Pan-genomic advances for fighting reference bias

Talk
Ben Langmead
Time: 
09.15.2022 14:00 to 15:00
Location: 

IRB- 4105- Zoom Link-https://umd.zoom.us/j/97287503999

Also on Zoom- https://umd.zoom.us/j/97287503999

Sequencing data analysis often begins with aligning sequencing reads to a reference genome, where the reference takes the form of a linear string of bases. But linearity leads to reference bias, a tendency to miss or misreport alignments containing non-reference alleles, which can confound downstream statistical and biological results. This is a major concern in human genomics; we don't want to live in a world where diagnostics and therapeutics are differentially effective depending how closely our genome matches the reference.

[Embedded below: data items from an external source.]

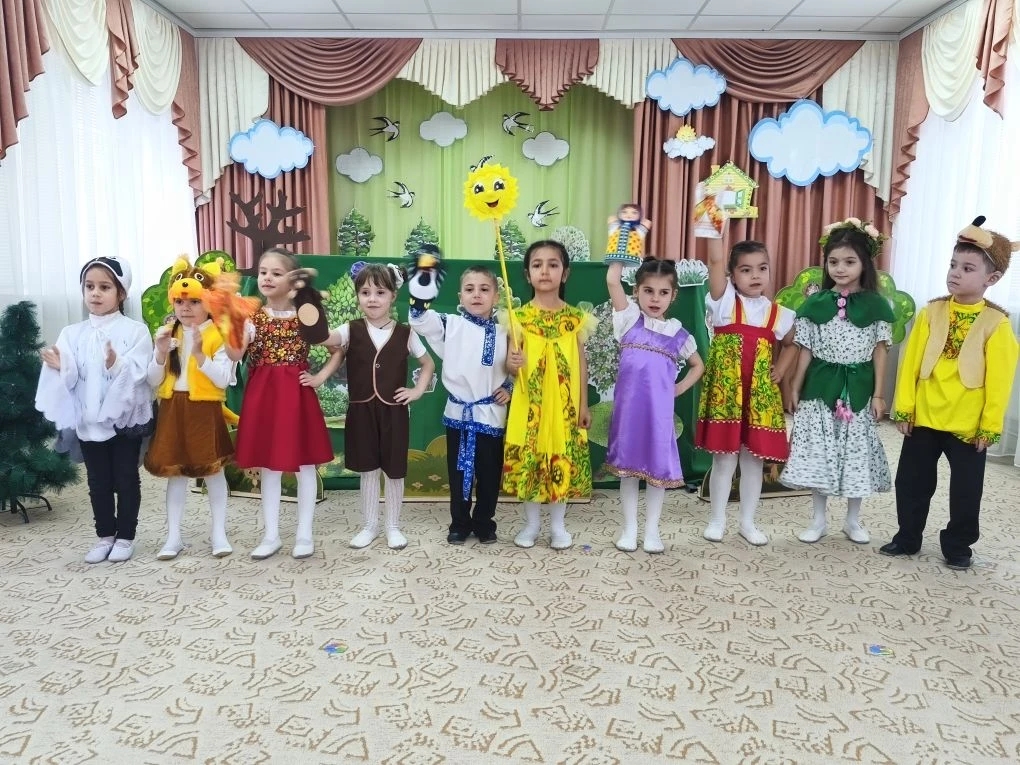 К этому дню готовились все группы. В подготовительной группе «Гномики» прошел кукольный спектакль «Подарок солнышку». В гости на сказку пришли группы «Смешарики», «Непоседы» и «Бусинки».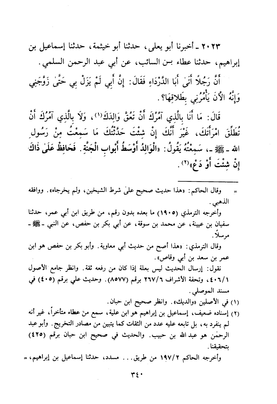2023 - أخبرنا أبو يعلى، حدثنا أبو خيثمة، حدثنا إسماعيل بن إبراهيم، حدثنا عطاء بن السائب، عن أبي عبد الرحمن السلمي.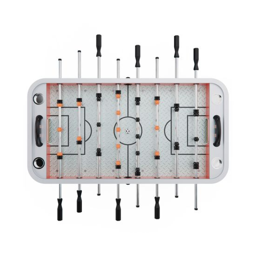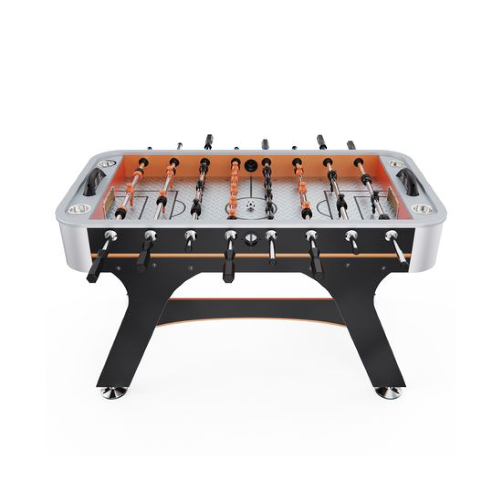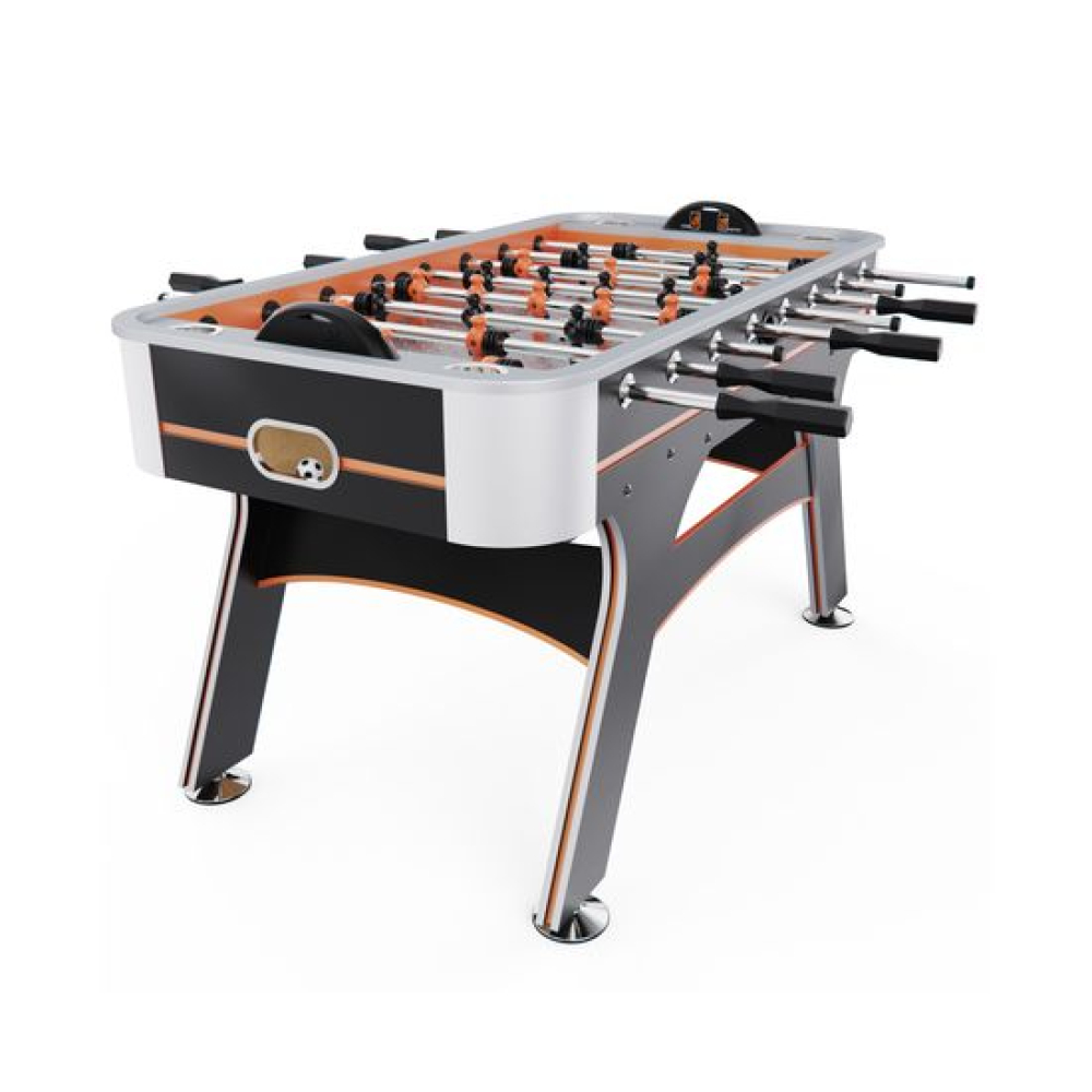Игровой стол - футбол DFC ST-05 — это полноценный настольный футбол, созданный для ярких семейных баталий, дружеских матчей и активного отдыха дома. Модель подойдёт как для детей, так и для взрослых, обеспечивая весёлое и азартное времяпрепровождение в любое время года.Размер стола — 144 х 76 х 87 см, а игровое поле — 118 х 68 см. Такая площадь оптимальна для маневров, точных ударов и зрелищной игры. Размер мячей — 36 мм, что соответствует стандарту для настольного футбола и обеспечивает отличную управляемость.Корпус стола выполнен из прочного МДФ, устойчивого к нагрузкам и износу. Толщина игрового поля составляет 9 мм, а бортиков — 1,2 см, что обеспечивает отличную прочность и долговечность. Высота ножек 62 см создаёт оптимальное положение для комфортной игры. Вес стола 60 кг делает его устойчивым даже во время самых активных матчей.В комплект входят 2 электронных счётчика, работающих от батареек (требуется 6 батареек типа AAA, входят в комплект), а также 2 мяча. Цифровые табло автоматически отображают очки, делая игру ещё реалистичнее и азартнее. Вам не придётся отвлекаться — всё под контролем!На корпусе предусмотрены 4 подстаканника, чтобы любимые напитки были всегда под рукой во время игры. А компенсаторы неровности пола позволяют установить стол ровно даже на слегка неидеальной поверхности.Игровой стол DFC ST-05 — это не просто настольный футбол, а полноценный домашний игровой центр, который подойдёт для детской комнаты, игровой зоны или загородного дома. Идеальное решение для семейных вечеров, праздников и встреч с друзьями.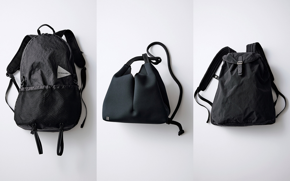 2025年2月号の表紙で使用して、多数の問い合わせがあった〝アンドワンダー〟のリュック。きれいめ派はまず黒を選んで。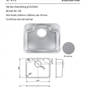 Kích thước lòng chậu: Dài 624mm x 500mm, sâu 181mm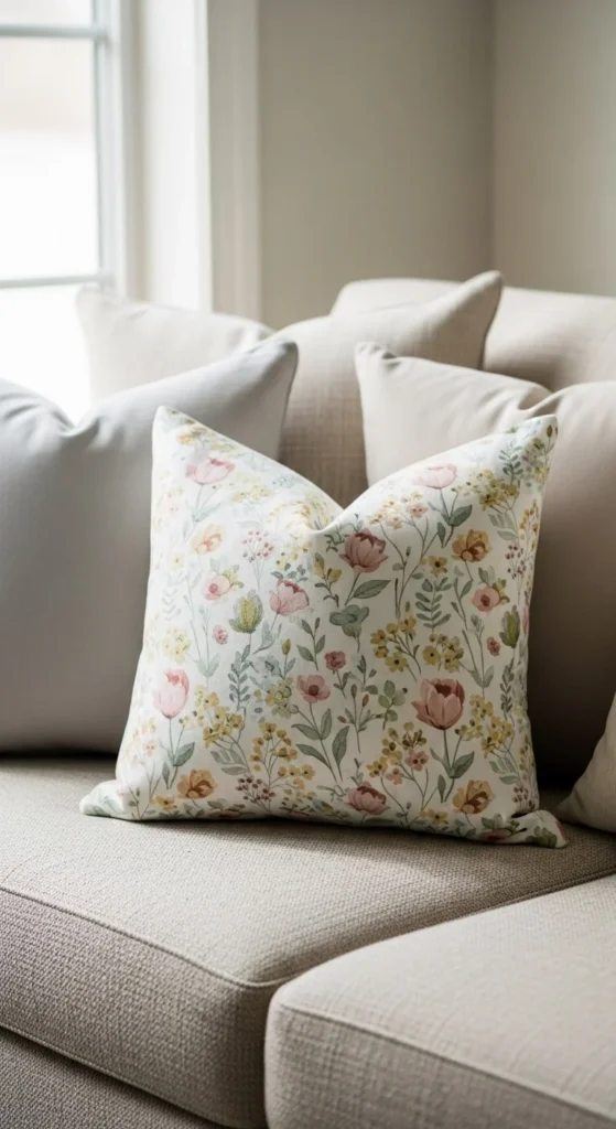 Floral patterns bring spring indoors without much effort. One or two floral pillows are enough. Choose small prints in soft colors to keep the look calm. Pair them with solid pillows so the room does not feel busy.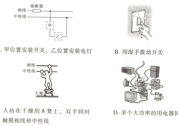2.A[解析]家庭电路中安装灯泡时,开关要接到相线上,然后接灯泡,故A正确;用湿手去拨动开关,易造成触电事故。故B错误;人站在干燥的木凳上,双手同时接触相线和中性线,电流流过心脏,造成触电事故。故C错误;多个大功率的用电器,同时使用,会使电路中的电流过大,产生大量的热量,温度升高,导线易燃烧引发火灾,故D错误。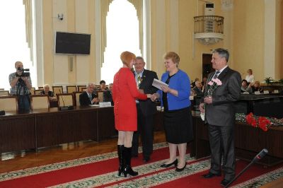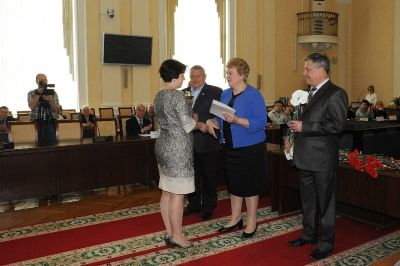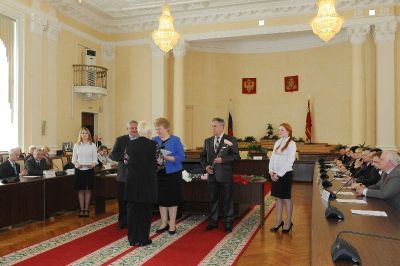 Заседание началось с торжественной церемонии награждения победителей и призеров регионального этапа Всероссийского конкурса «Российская организация высокой социальной эффективности». Накануне первомайского праздника Весны и Труда лауреатам конкурса были вручены Благодарственные письма Губернатора Смоленской области и Департамента по социальному развитию.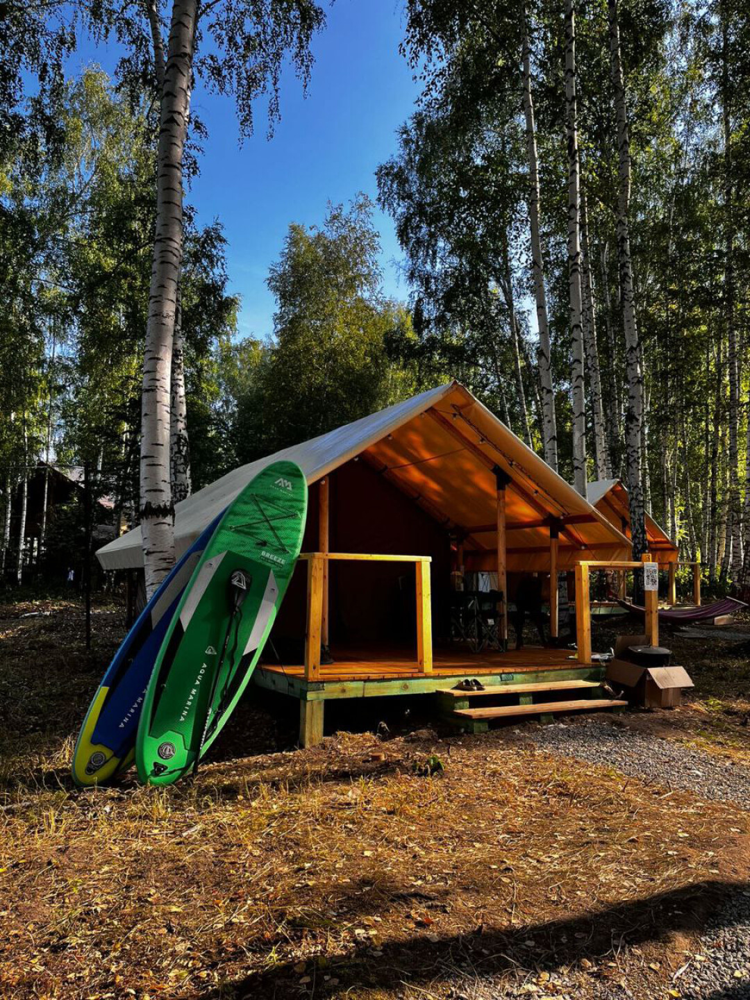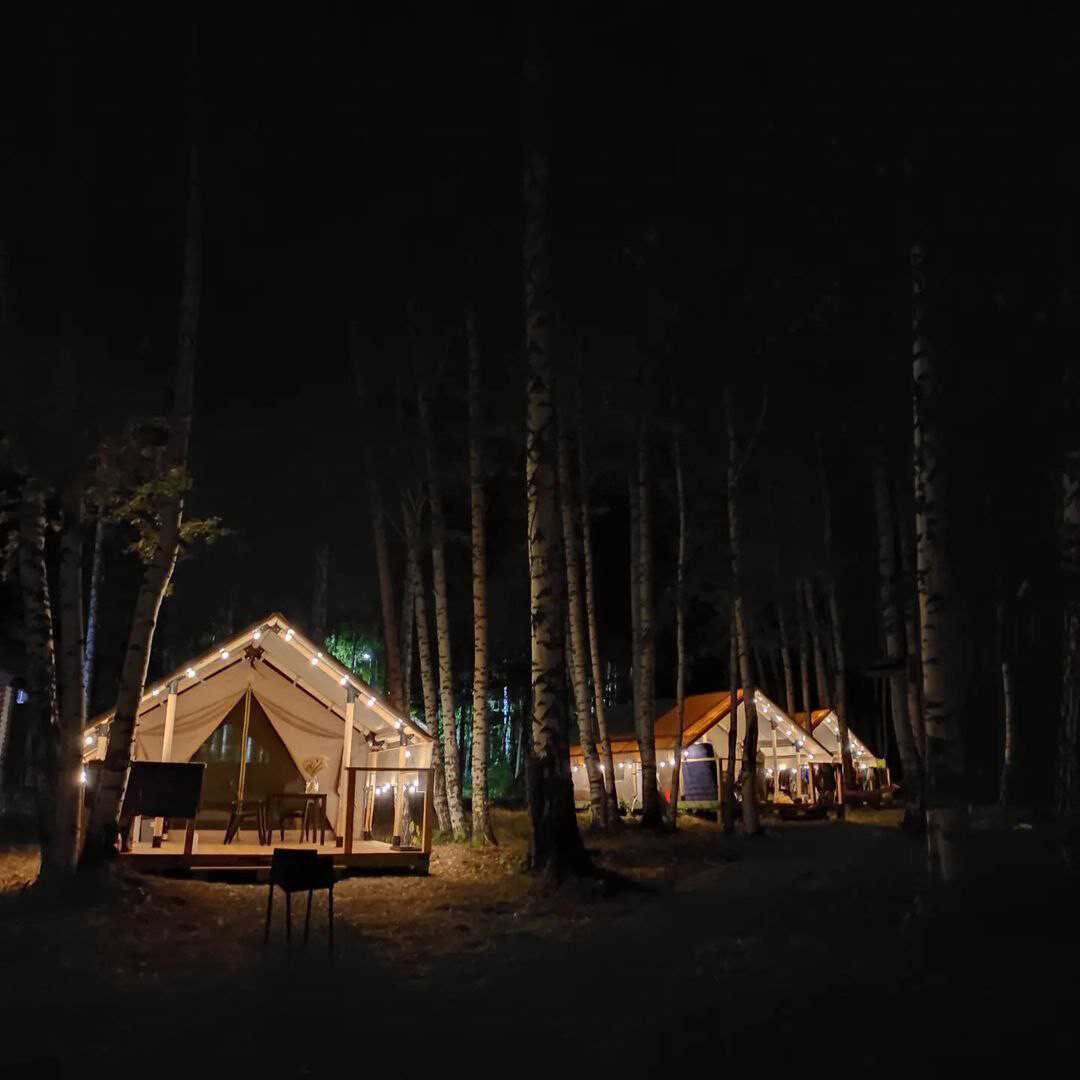 Глэмпинг находится на первой береговой линии Павловского водохранилища. Сафари-тенты обосновались в тихом местечке посреди березовой рощи на территории отеля «Башкирская Рица». Домики площадью 4*8 м внешне похожи на палатки, но возведены из прочного деревянного каркаса и обтянуты тентом. Всего сафари-тентов пять: в каждом есть отопление, кровати, мини-кухня и холодильник. К номерам прилегает собственная веранда.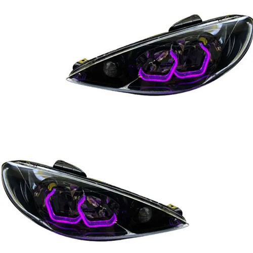 چراغ جلو اسپرت مناسب برای پژو 206 که ظاهر خودرو را بهصورت چشمگیر بهبود میبخشد. این مجموعه به صورت دو عددی و بدون موتور عرضه میشود و ترکیب رنگ بنفش با داخل مشکی ظاهری متفاوت و اسپرت ایجاد میکند.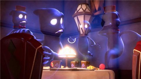 3、在电梯走廊的右侧,玩家可以先召唤出傀易吉,一人利用吸尘器拉开蛇像下的机关,另一人则用吸尘器将蛇像嘴里的宝石吸下来。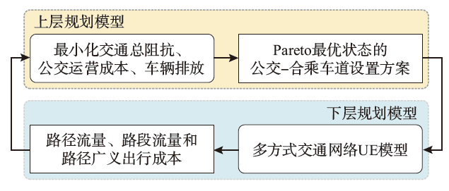 关键词: 交通工程, 双层规划模型, 多目标优化, 公交-合乘车道(bus-HOV lanes), 用户均衡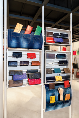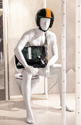 Each category was designed as an installation, with a clearly recognizable character of its own. The watches are displayed inside bird cages, the belts are casually worn around a mannequin (our Iron Lady) with surrounding poles covered in leathers and studs. The bags are suspended in rope using carabineers and wallets hang out from back pockets of denim wear from where they are meant to be pick-pocketed. Eye wear is displayed on bright yellow bananas, helmets are mounted on expressive trophy heads, and old beaten up trunks, floating tables, mirrors, reconditioned refrigerators, urinals and WCs are used as display devices.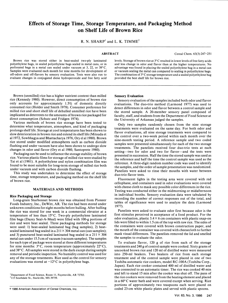 糙米包装和储存:龙纹米饭是从先锋食品工业公司获得的,DeWitt,AR。前八个月储存的已被去壳的米饭属于未知状况。去皮后大米在商业电梯中储存一周,环境温度低于150℃。在双层聚乙烯层压电影袋(Dazey Seal-A一餐)中充满100克部分大米并热密封。分别用三种包装方式存放使用:1)热封层压袋(袋样品),2)密封层压袋密封在211 X 304金属罐(可以样品);和3)密封在15.5厘米以下的真空211times;304的穿刺的热封层压袋(真空样品)。每种类型的样品包装在三种不同的温度下储存九个月:30℃,室温(约22C),和380℃。除样品外,所有样品都保存在黑暗中,清除和定期检查。不使用任何湿度控制存储处理。作为感官控制评估的糙米放在在一个12C储存在聚乙烯袋中。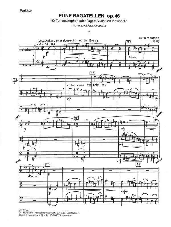 | Untertitel: | für Tenorsaxophon (Fagott), Viola und Violoncello Partitur |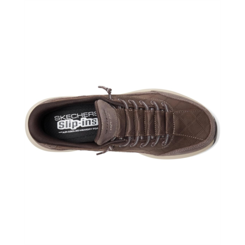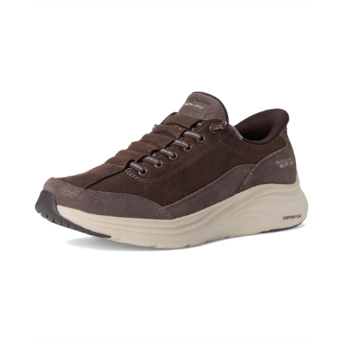 - The Skechers Contour Foam Cozy Fit Hands Free Slip-ins feature Skechers Hands Free Slip-ins technology with an exclusive Heel Pillow that gently holds your foot in placeno bending or tugging required. The upper is crafted from quilted Cozy Fit materials with synthetic overlays and tied-off stretch laces, offering a soft, secure feel. Inside, the Contour Foam midsole delivers lightweight support, while the Skechers Air-Cooled Memory Foam insole adds breathable, responsive cushioning for all-day wear.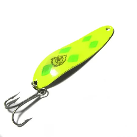 Auf der Rückseite des Blinkers ist die Modellbezeichnung „COP-E-CAT 7300 U.S.A.“ deutlich auf einem polierten Silber-Finish eingeprägt. Dieses 10 g (1/3 oz) schwere Exemplar mit dem Produktcode 0416 besticht durch eine Vorderseite in leuchtendem Fluoreszierend Gelb, die mit vier markanten grünen Rauten verziert ist. Mit einer Länge von 5,5 cm (2 1/4") behält der Metallkörper sein klassisches konkaves Profil bei – ein technisches Merkmal der Firma Eppinger, die diese Köder seit den frühen 1900er Jahren in Michigan herstellt. Auf der Vorderseite befindet sich das bekannte schwarze Teufelskopf-Logo, das charakteristisch für die Dardevle-Serie ist. Zur Ausstattung gehören ein funktionaler Sprengring und ein sauberer Drillingshaken. Der Köder weist nur leichte Gebrauchsspuren aus der Angelbox auf und befindet sich in einem Zustand von 4/5. Die polierte silberne Rückseite sorgt für einen kontrastreichen Blitz-Effekt gegenüber der hellen gelb-grünen Lackierung.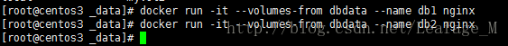 2.然后,可以在其他容器中使用–volumes-from來掛載dbdata容器中的數據卷,例如創建db1和db2兩個容器,并從dbdata容器掛載數據卷:
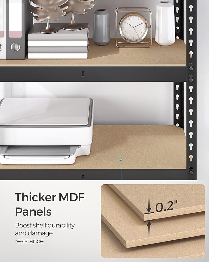 - [Stable and High Load Capacity] The sturdy steel frame and thick MDF panels of this 5-tier shelving unit offer a maximum weight capacity of 462 lb per shelf, while reinforced crossbeams provide extra stability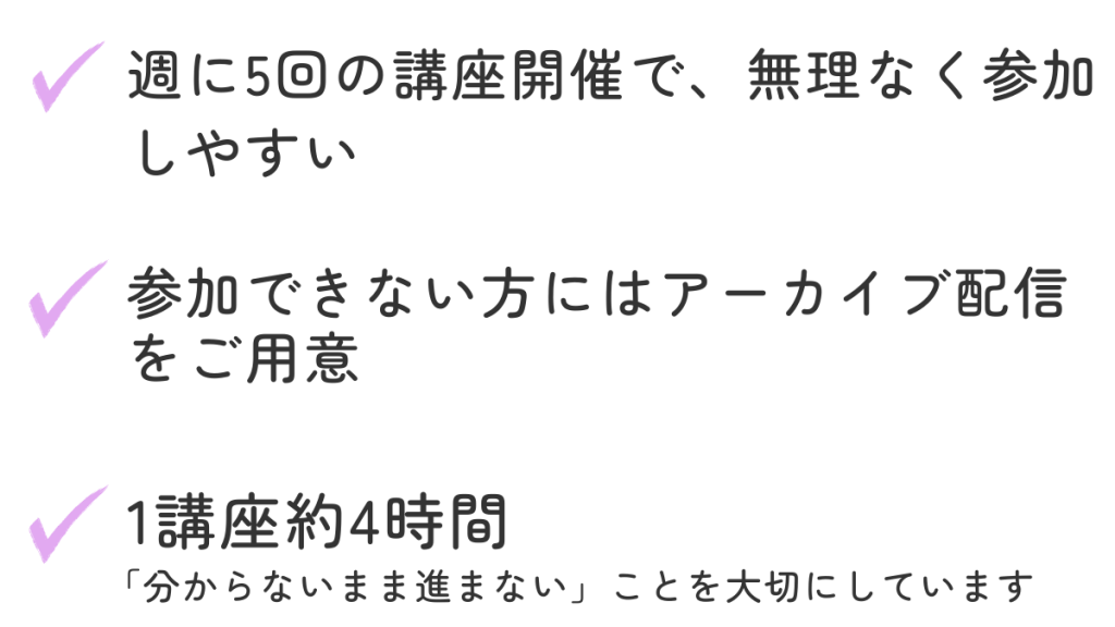 | リアル講座の開催時間 | 火曜~金・日曜 毎回4時間開催 | 月1回程度、2時間程度 | 月に3回、1時間~2時間程度 |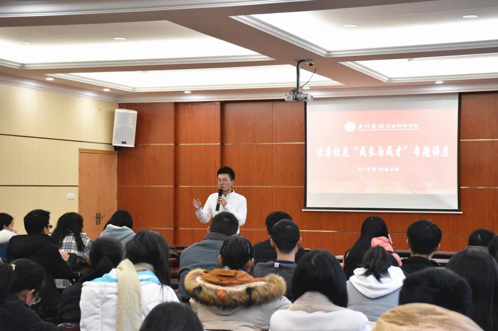 12月6日晚,我校优秀校友、兼职教授,浙江省中学生物特级教师金松涛应邀回校,为生命学院300余名师范生作“如何成就一名好老师”专题讲座。学院党总支书记柯世省主持讲座。

Fortunately, computer science and bioinformatics are meeting the moment. In particular, we can now index and align sequencing reads to references that include many population variants. Here I will describe this journey from the early days of efficient genome indexing -- especially the FM index approach behind Bowtie and BWA -- continuing through more modern methods for graph-shaped references and references that include many genomes. I will emphasize recent results that show how to optimize simple and complex pan-genome representations for effective avoidance of reference bias. Finally, I will outline some promising future areas, including a new class of compressed indexes that improves locality of reference.